**WHAT YOU HAVE TO DO:**
Work through the listing below and give again exactly the lines from the one with "Selamat atas jackpot" to the one with "The Surface Blob, Surface", both ends included. All other lines and all pictures stay out.

**MATERIAL FOR THE TASK:**
- - - -

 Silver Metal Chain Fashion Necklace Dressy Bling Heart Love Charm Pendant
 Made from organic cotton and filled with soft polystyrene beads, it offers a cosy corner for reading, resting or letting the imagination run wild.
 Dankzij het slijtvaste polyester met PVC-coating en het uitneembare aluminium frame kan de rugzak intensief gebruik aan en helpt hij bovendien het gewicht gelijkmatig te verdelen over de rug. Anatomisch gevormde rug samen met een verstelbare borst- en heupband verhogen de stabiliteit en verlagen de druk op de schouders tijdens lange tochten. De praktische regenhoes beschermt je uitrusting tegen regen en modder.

- - - -

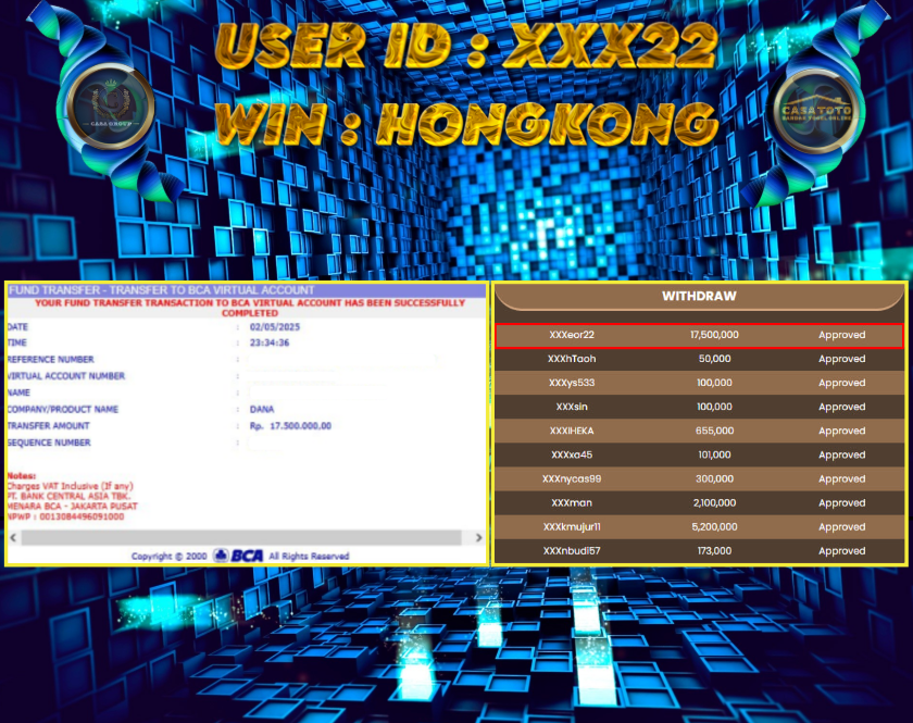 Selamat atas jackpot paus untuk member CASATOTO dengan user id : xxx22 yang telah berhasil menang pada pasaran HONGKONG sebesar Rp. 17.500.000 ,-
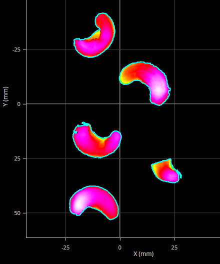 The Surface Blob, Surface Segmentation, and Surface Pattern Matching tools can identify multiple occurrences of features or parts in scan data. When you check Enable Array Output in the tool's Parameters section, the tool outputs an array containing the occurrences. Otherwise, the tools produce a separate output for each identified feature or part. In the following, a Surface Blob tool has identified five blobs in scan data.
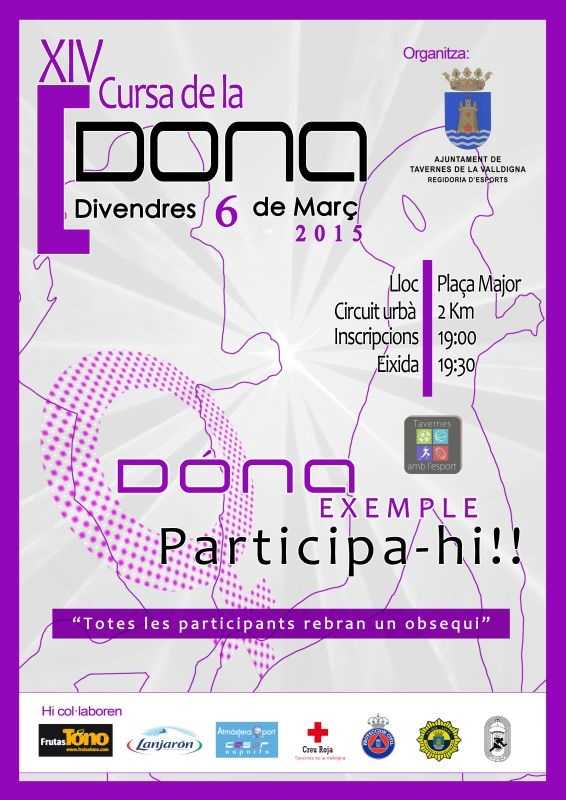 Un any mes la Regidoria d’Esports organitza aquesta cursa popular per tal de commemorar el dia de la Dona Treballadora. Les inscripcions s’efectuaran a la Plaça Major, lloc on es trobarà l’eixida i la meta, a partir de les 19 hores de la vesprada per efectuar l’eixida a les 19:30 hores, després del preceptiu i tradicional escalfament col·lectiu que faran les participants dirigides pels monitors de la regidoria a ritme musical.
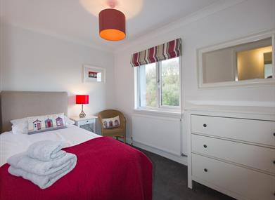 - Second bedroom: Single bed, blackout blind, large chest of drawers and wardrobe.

- - - -

**WORKED SOLUTION:**
 Selamat atas jackpot paus untuk member CASATOTO dengan user id : xxx22 yang telah berhasil menang pada pasaran HONGKONG sebesar Rp. 17.500.000 ,-
 The Surface Blob, Surface Segmentation, and Surface Pattern Matching tools can identify multiple occurrences of features or parts in scan data. When you check Enable Array Output in the tool's Parameters section, the tool outputs an array containing the occurrences. Otherwise, the tools produce a separate output for each identified feature or part. In the following, a Surface Blob tool has identified five blobs in scan data.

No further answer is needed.